PROMPT.
Leave out every picture and set down, exactly, the lines below from the one holding "В квартире сделан" up to and including the one holding "兒科專區(qū)則融入柔和的".

RECORDS SHOWN.
*** Begin section ***

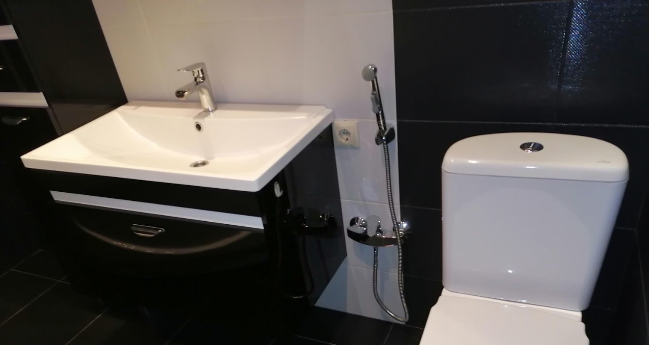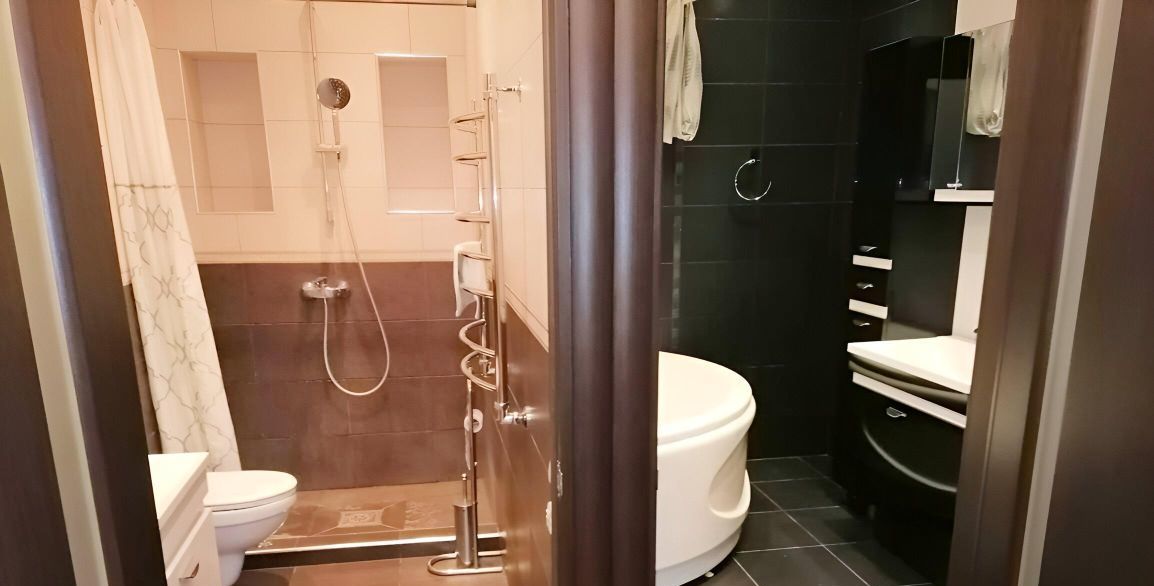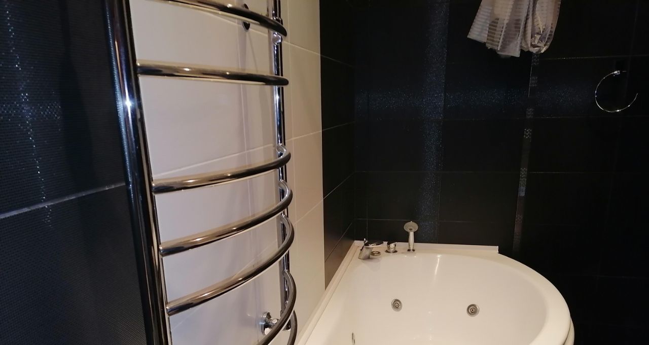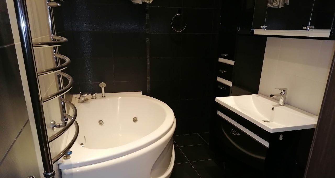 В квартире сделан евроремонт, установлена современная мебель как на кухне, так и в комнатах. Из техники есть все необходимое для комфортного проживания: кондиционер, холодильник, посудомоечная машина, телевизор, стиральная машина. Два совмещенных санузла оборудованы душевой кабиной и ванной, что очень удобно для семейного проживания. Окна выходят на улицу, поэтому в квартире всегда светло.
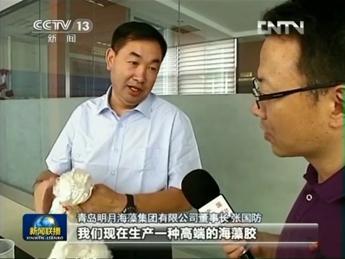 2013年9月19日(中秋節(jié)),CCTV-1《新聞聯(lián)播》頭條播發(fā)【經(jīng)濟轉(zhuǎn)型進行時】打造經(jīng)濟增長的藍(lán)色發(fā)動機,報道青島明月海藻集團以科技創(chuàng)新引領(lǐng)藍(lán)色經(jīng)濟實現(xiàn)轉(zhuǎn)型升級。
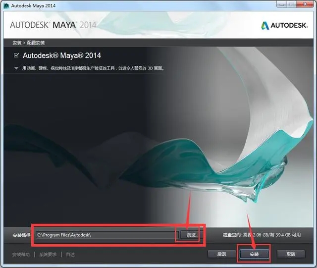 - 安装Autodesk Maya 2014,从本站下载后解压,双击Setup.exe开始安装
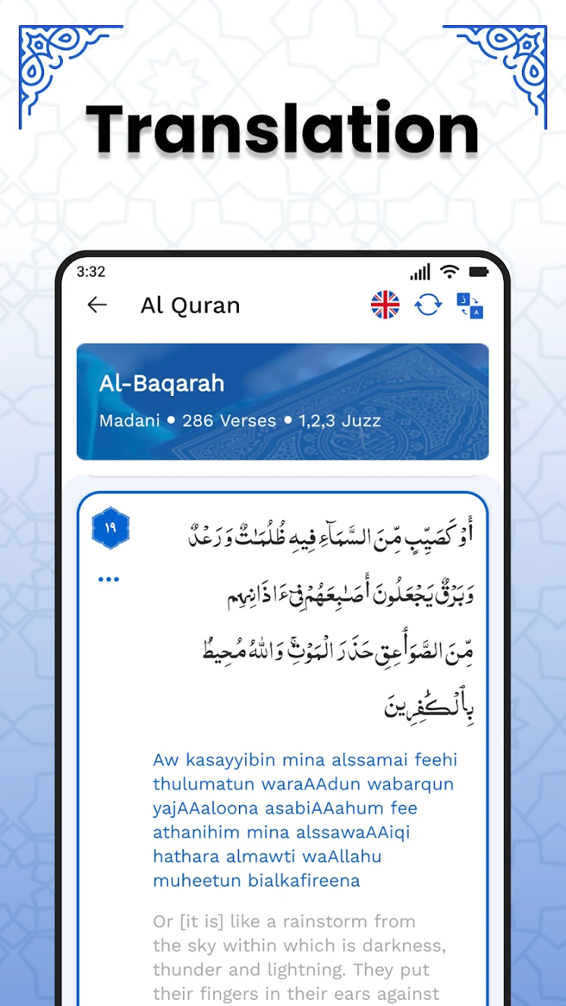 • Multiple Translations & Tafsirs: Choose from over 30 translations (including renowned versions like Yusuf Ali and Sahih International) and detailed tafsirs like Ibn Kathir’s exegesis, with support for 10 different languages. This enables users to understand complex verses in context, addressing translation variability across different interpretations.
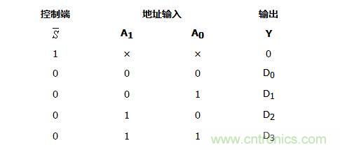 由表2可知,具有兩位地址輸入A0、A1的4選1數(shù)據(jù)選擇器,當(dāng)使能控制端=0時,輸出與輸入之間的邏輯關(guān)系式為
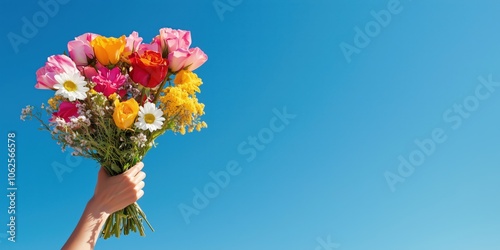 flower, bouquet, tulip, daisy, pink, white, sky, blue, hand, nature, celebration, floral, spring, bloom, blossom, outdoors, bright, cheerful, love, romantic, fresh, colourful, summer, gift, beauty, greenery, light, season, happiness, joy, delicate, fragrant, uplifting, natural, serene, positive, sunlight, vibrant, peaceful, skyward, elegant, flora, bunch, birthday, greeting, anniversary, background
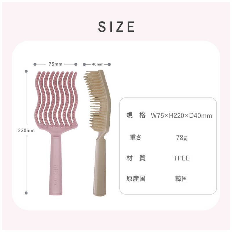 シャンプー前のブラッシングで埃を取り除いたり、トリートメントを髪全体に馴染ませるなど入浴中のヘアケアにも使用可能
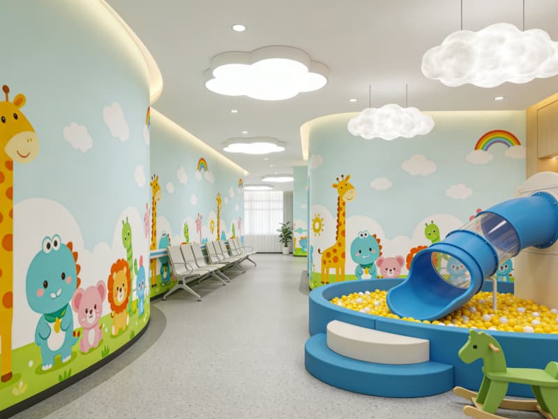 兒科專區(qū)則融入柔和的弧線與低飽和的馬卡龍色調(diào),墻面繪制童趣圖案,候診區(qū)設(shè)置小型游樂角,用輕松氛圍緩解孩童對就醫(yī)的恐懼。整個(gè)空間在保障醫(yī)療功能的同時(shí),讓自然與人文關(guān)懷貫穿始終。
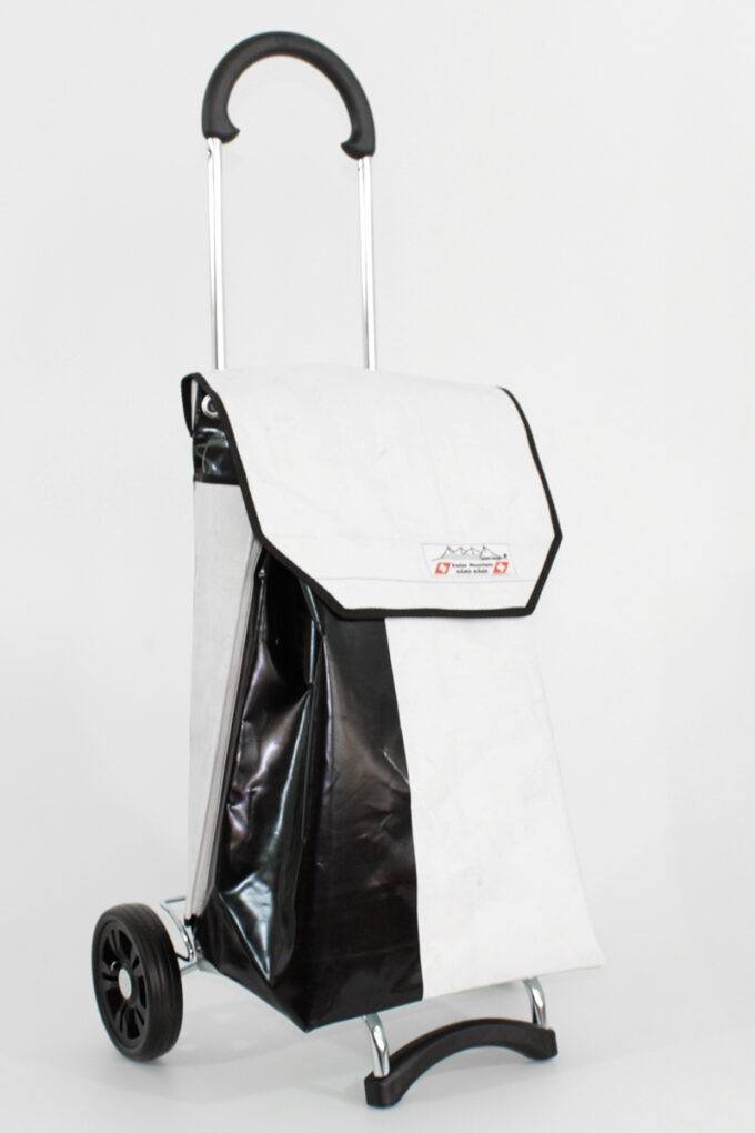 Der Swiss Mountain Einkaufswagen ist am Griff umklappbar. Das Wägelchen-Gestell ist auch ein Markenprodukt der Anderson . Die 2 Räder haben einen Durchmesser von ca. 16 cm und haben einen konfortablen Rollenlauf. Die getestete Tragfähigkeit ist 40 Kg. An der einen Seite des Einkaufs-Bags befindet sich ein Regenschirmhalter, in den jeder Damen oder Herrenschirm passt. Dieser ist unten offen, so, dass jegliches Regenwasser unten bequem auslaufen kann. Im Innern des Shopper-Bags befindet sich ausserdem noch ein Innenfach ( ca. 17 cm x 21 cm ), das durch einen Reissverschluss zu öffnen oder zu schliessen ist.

*** End section ***
*** Begin section ***

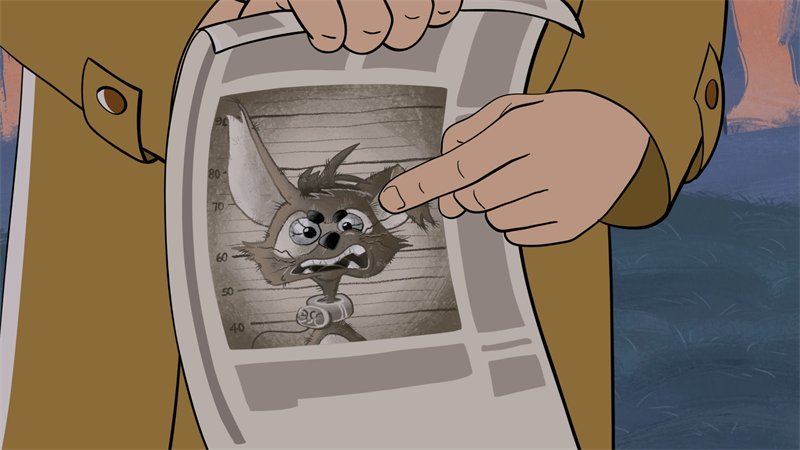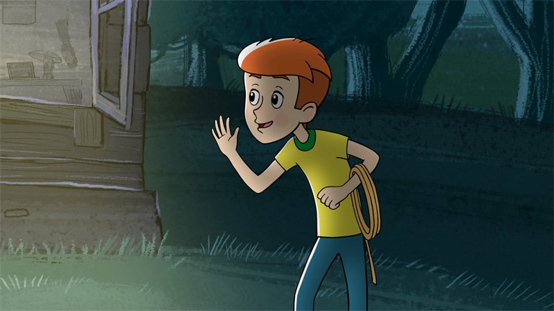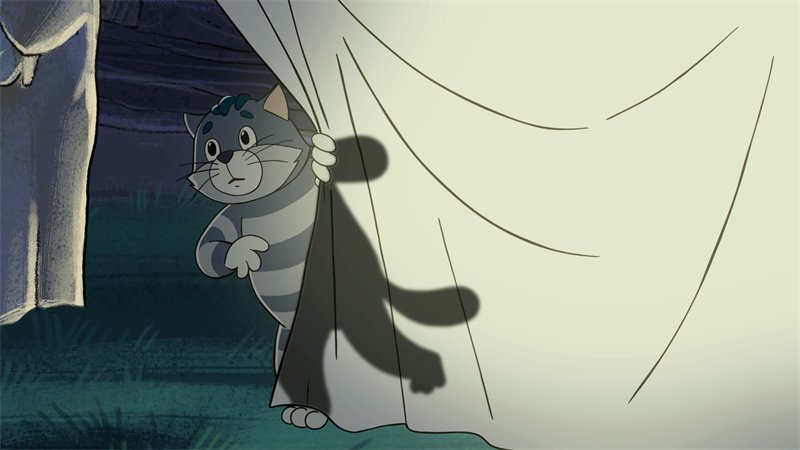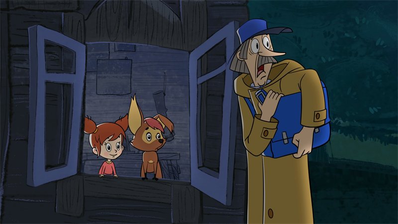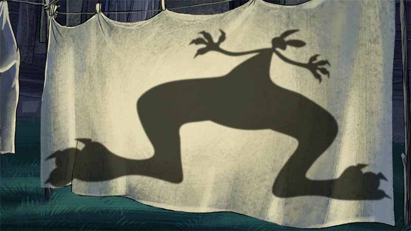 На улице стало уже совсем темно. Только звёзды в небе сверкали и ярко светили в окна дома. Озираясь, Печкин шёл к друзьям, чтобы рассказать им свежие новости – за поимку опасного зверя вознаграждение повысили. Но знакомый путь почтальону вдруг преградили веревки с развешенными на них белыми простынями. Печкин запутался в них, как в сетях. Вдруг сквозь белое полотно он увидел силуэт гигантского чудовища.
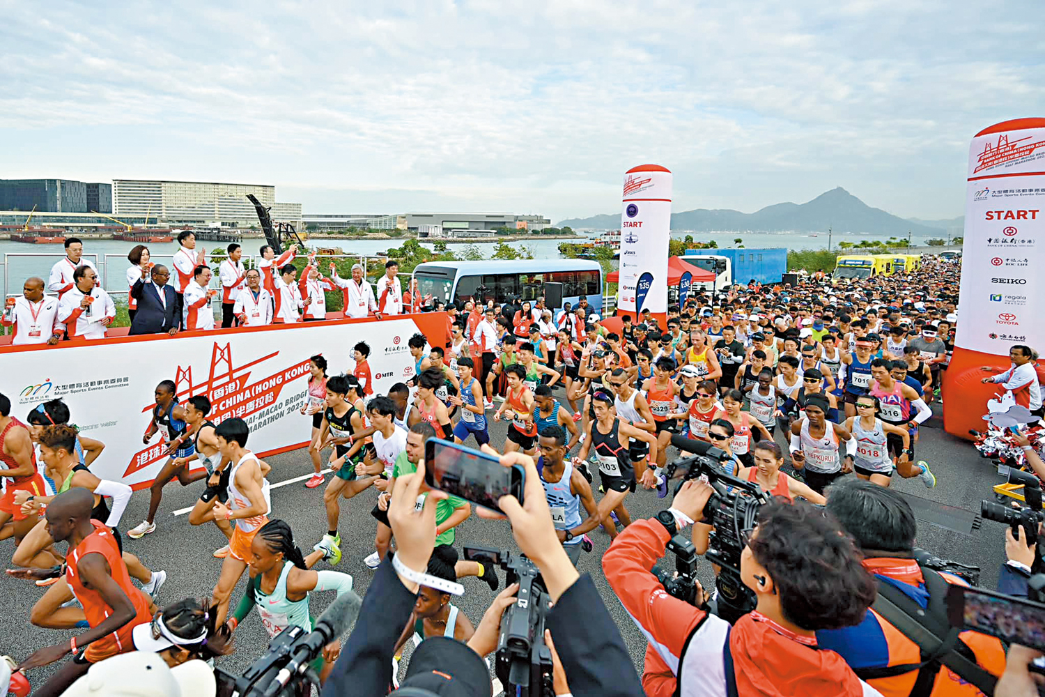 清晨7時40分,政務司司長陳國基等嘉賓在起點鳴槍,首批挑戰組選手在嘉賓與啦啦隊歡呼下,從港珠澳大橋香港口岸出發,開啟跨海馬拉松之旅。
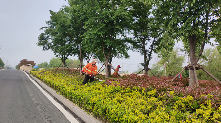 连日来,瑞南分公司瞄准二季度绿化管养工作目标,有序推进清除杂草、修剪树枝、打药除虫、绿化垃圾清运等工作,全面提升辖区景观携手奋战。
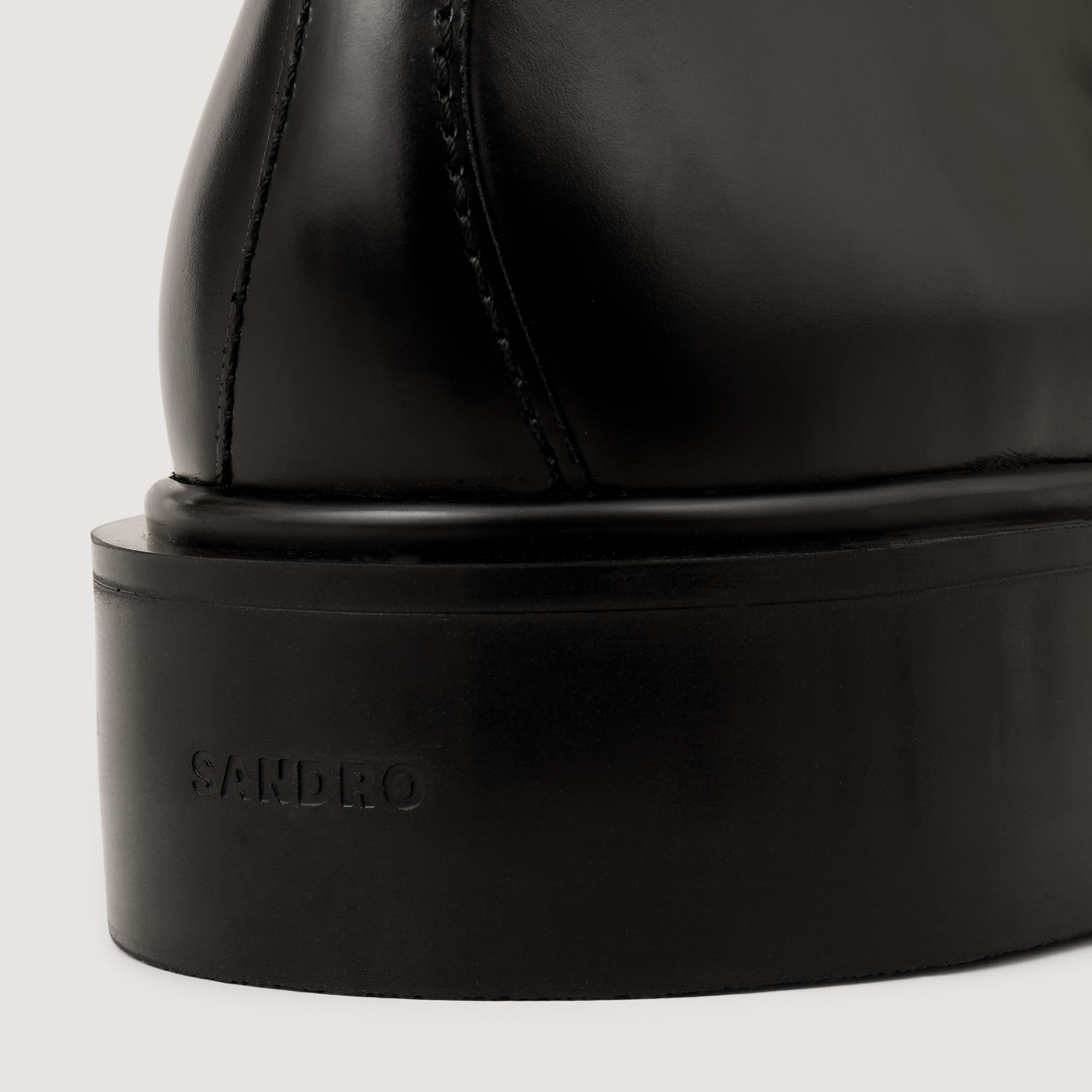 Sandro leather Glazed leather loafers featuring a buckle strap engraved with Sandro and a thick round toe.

*** End section ***
*** Begin section ***

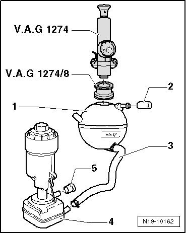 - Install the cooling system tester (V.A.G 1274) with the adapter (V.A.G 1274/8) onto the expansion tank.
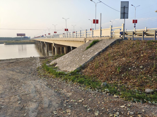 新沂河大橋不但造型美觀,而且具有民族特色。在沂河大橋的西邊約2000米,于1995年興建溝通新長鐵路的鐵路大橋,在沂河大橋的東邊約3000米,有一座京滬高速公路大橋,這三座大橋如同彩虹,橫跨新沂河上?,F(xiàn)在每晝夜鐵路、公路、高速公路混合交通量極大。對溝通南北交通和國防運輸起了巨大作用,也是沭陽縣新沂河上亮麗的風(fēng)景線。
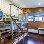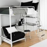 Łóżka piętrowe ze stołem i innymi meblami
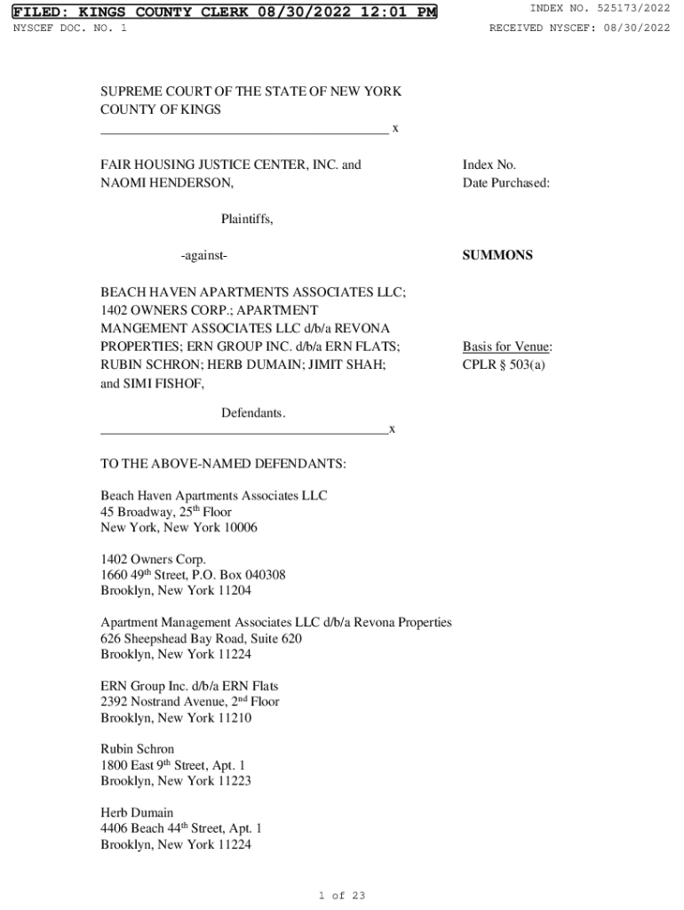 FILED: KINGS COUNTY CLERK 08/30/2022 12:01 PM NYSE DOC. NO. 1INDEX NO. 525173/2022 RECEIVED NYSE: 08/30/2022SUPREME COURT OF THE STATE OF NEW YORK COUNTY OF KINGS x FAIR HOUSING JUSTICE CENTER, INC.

*** End section ***

SOLUTION.
 В квартире сделан евроремонт, установлена современная мебель как на кухне, так и в комнатах. Из техники есть все необходимое для комфортного проживания: кондиционер, холодильник, посудомоечная машина, телевизор, стиральная машина. Два совмещенных санузла оборудованы душевой кабиной и ванной, что очень удобно для семейного проживания. Окна выходят на улицу, поэтому в квартире всегда светло.
 2013年9月19日(中秋節(jié)),CCTV-1《新聞聯(lián)播》頭條播發(fā)【經(jīng)濟轉(zhuǎn)型進行時】打造經(jīng)濟增長的藍(lán)色發(fā)動機,報道青島明月海藻集團以科技創(chuàng)新引領(lǐng)藍(lán)色經(jīng)濟實現(xiàn)轉(zhuǎn)型升級。
 - 安装Autodesk Maya 2014,从本站下载后解压,双击Setup.exe开始安装
 • Multiple Translations & Tafsirs: Choose from over 30 translations (including renowned versions like Yusuf Ali and Sahih International) and detailed tafsirs like Ibn Kathir’s exegesis, with support for 10 different languages. This enables users to understand complex verses in context, addressing translation variability across different interpretations.
 由表2可知,具有兩位地址輸入A0、A1的4選1數(shù)據(jù)選擇器,當(dāng)使能控制端=0時,輸出與輸入之間的邏輯關(guān)系式為
 flower, bouquet, tulip, daisy, pink, white, sky, blue, hand, nature, celebration, floral, spring, bloom, blossom, outdoors, bright, cheerful, love, romantic, fresh, colourful, summer, gift, beauty, greenery, light, season, happiness, joy, delicate, fragrant, uplifting, natural, serene, positive, sunlight, vibrant, peaceful, skyward, elegant, flora, bunch, birthday, greeting, anniversary, background
 シャンプー前のブラッシングで埃を取り除いたり、トリートメントを髪全体に馴染ませるなど入浴中のヘアケアにも使用可能
 兒科專區(qū)則融入柔和的弧線與低飽和的馬卡龍色調(diào),墻面繪制童趣圖案,候診區(qū)設(shè)置小型游樂角,用輕松氛圍緩解孩童對就醫(yī)的恐懼。整個(gè)空間在保障醫(yī)療功能的同時(shí),讓自然與人文關(guān)懷貫穿始終。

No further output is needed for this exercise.